CAS-go to the logon page after logging out. cas logs out.
After CAS is single-point logout, it will jump to its own logout interface by default (this is based on the deployed CAS-Server. For details, see the previous article), such:
The corresponding jsp directory is as follows:
1. Modify cas-servlet.xml Configuration
Open the WEB-INF under the apache-tomcat-6.0.33 \ webapps \ cas \ cas-servlet.xml directory
Modify the bean id of the cas-servlet.xml file to "true" for the p: followServiceRedirects attribute under logoutController, such:
2. Modify the Logout link
Add "? Service = return address after exit ", for example, the configuration of the two clients used for CAS testing. Example: <ahref = "http: // localhost: 8080/cas/logout? Service = http://www.baidu.com "> quit </a>
For example:
3. Principles
The following from the configuration file, to the source code for analysis: 3.1 first look at the cas \ WEB-INF Directory web. xml
It can be seen that all/logout requests are sent to SafeDispatcherServlet for distribution. You can see from the code that this Servlet is only for org. springframework. web. servlet. dispatcherServlet is packaged once, And all requests are sent to org. springframework. web. servlet. the DispatcherServlet has gone through the process.
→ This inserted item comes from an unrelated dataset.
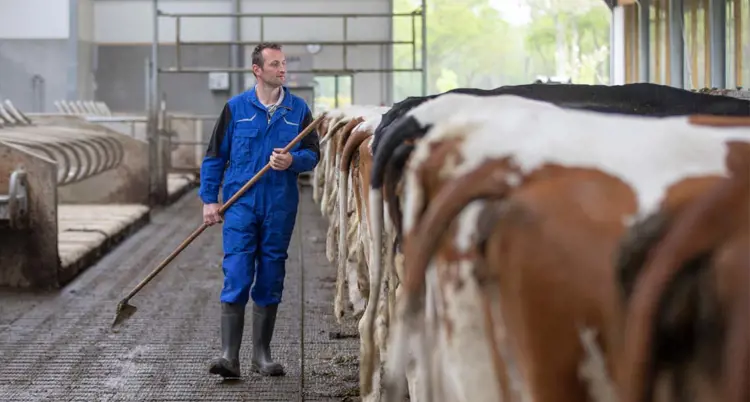 Hij praat liever over zijn nieuwe stal. Bijvoorbeeld over de emissiearme vloer met een rubberen toplaag en kleppen tussen de vloerdelen om de urine snel af te voeren. “Volgens de geleerde heren komt er minder ammoniak vrij. Prima, maar voor de koeien is het rubber belangrijker. Deze vloer is goed voor hun klauwen, de grip is super. Ik heb nog nooit een koe zien uitglijden.”

3.2 then look at the WEB-INF under the cas \ cas-servlet.xml directory
From the bean of handlerMappingC, there is a configuration section:/logout-logoutController. We can see that all/logout requests are sent to a Bean with the beanid logoutController for processing.
Let's take a look at what org. jasig. cas. web. LogoutController has done. The configuration we modified in the first step is the Controller Configuration:
You can see the core source code below:
<Pre name = "code" class = "java"> protected ModelAndView handleRequestInternal (final HttpServletRequest request, final HttpServletResponse response) throws Exception {// get TGT_ID final String response = this. ticketGrantingTicketCookieGenerator. retrieveCookieValue (request); // gets the service parameter data. This parameter is optional. final String service = request. getParameter ("service"); // if TGT is not empty if (ticketGrantingTick EtId! = Null) {// destroy this in centralAuthenticationService. centralAuthenticationService. destroyTicketGrantingTicket (ticketGrantingTicketId); // destroy cookie in ticketGrantingTicketCookieGenerator this. ticketGrantingTicketCookieGenerator. removeCookie (response); // destroy this in warnCookieGenerator. warnCookieGenerator. removeCookie (response);} // if the parameter followServiceRedirects is true and the service is not empty, jump to the URL specified by the service if (thi S. followServiceRedirects & service! = Null) {return new ModelAndView (new RedirectView (service);} // otherwise, jump to the page specified by logoutView return new ModelAndView (this. logoutView );}
Believe that, when you see the following sentence, you will understand why the configuration is Step 1 and step 2.
4. Summary
/Logout: (corresponding to the implementation class org. jasig. cas. web. LogoutController). The cancellation processing logic is as follows:
(1) removeCookie
(2) Delete the TicketGrantingTicket object on the server (this object encapsulates the cookie value)
(3) redirect to the exit page. There are two options:
L if the followServiceRedirects attribute of LogoutController is set to true and the service parameter in the url is not empty, redirect to the url marked by the sevice parameter;
L otherwise, redirect to the built-in casLogoutView. If there is a url parameter in the url, the link identified by this url parameter will be displayed on the casLogoutView page.
With patience, you can easily understand the source code of these open-source frameworks. If you are familiar with the source code, you can modify all parts of the framework as you wish.